Detailed Description of the Invention

[0001]

BACKGROUND OF THE INVENTION 1. Field of the Invention The present invention relates to a pen input information processing device in which a display device and a coordinate detection tablet are arranged in an overlapping manner.

[0002]

2. Description of the Related Art Generally, in an information processing apparatus equipped with a pen as one of input means, an input device called a tablet or a digitizer is used to input pen point coordinates designated by the pen. Currently, there are various coordinate detection methods used for tablets. Typical methods are (1) resistive film method (or pressure sensitive method), (2) electromagnetic induction method, and (3) electrostatic method. There is a coupling method, which is generally put into practical use.

Each of the tablets using each method has its own characteristics. (2) In the electromagnetic induction method, the tablet is located below the display device (LCD device) and the display on the liquid crystal surface is obstructed by the tablet. It is a method that is often used for pen input information devices because it has no cord, the pen can be made cordless, and the coordinate detection accuracy is higher than other methods.
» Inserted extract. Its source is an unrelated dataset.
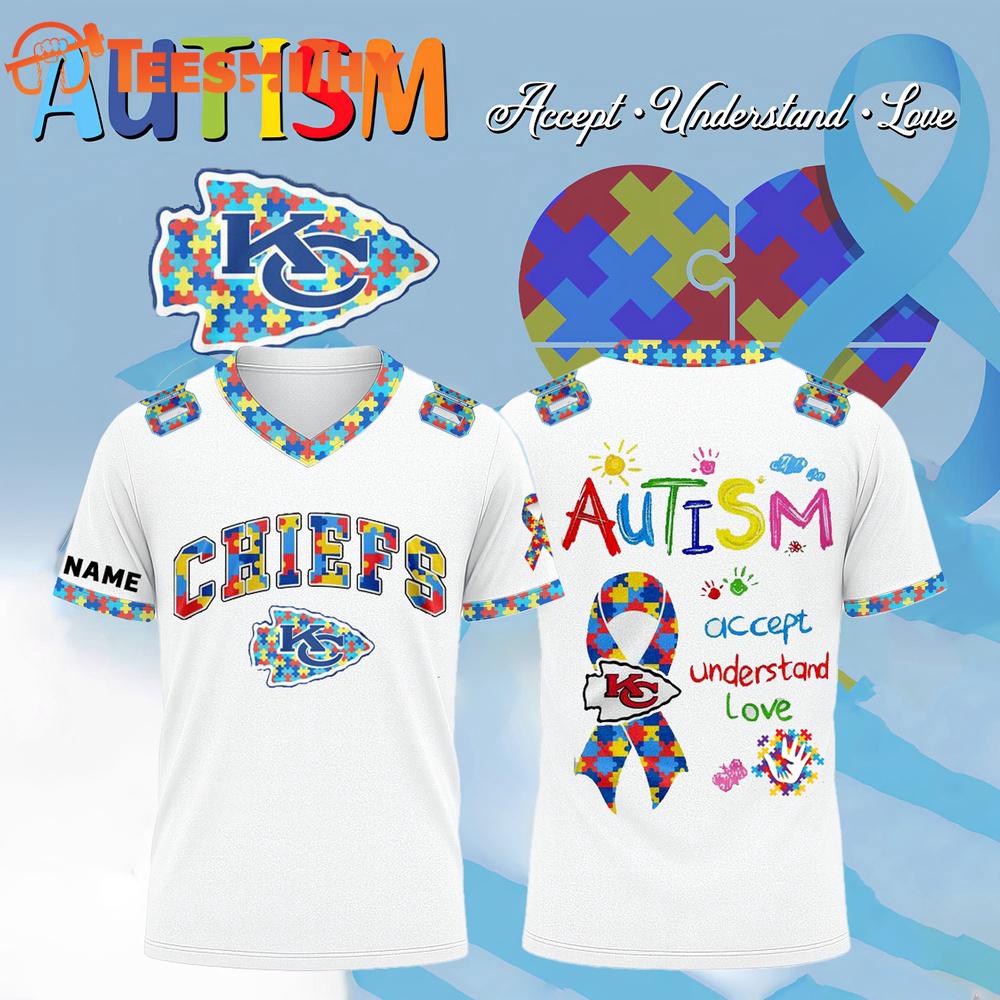 Special Edition Kansas City Chiefs x Autism AcceptanceAwareness Custom Football Jersey Show your team spirit with our custom Football Jersey! Made from high-quality, breathable fabric for maximum comfort and performance. Perfect for game day or casual wear. Personalize with your name, number, or favorite team. A must-have for any football fan or sports enthusiast.

Hereinafter, (2) a tablet using an electromagnetic induction system will be described. The principle of the electromagnetic induction method is shown in FIG. The electromagnetic induction method is realized by a structure in which a high frequency source 1a and a transmitting coil 1b are built in a pen 1 and a plurality of sensor coils 2 are installed on a tablet surface. A magnetic field is generated by flowing a high frequency from the pen 1 to the built-in coil 1b by the high frequency source 1a. This magnetic field produces an electric current in the sensor coil 2 installed on the tablet surface.
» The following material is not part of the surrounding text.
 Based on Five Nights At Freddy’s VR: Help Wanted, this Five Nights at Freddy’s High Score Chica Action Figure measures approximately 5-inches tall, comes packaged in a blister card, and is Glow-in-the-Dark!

The value of the current generated in the sensor coil 2 is
The sensor coil 2 installed in a place close to the pen 1 having a strong magnetic field has a large size, and the sensor coil 2 installed in a place far from the pen 1 having a weak magnetic field has a small size.

The currents detected by the sensor coils 2 by the coil switching circuit 3 are sequentially sent to the receiving circuit 4, and the coordinate position of the pen tip is determined from the magnitude relation of the current values. Coordinate detection is performed for X coordinate and Y coordinate, respectively.
This is performed for each direction of coordinates, and the value of the XY coordinates is set as the coordinate value of the pen tip.

In FIG. 8, one direction (X direction) is used to explain the principle.
Only the three sensor coils 2 are shown in the figure, but in reality, many coils are arranged corresponding to the display screen size or in order to improve the detection accuracy.
Similar coils are also arranged in the direction. Further, in order to further improve the coordinate detection accuracy, the sensor coils 2 may be arranged in an overlapping manner as shown in FIG.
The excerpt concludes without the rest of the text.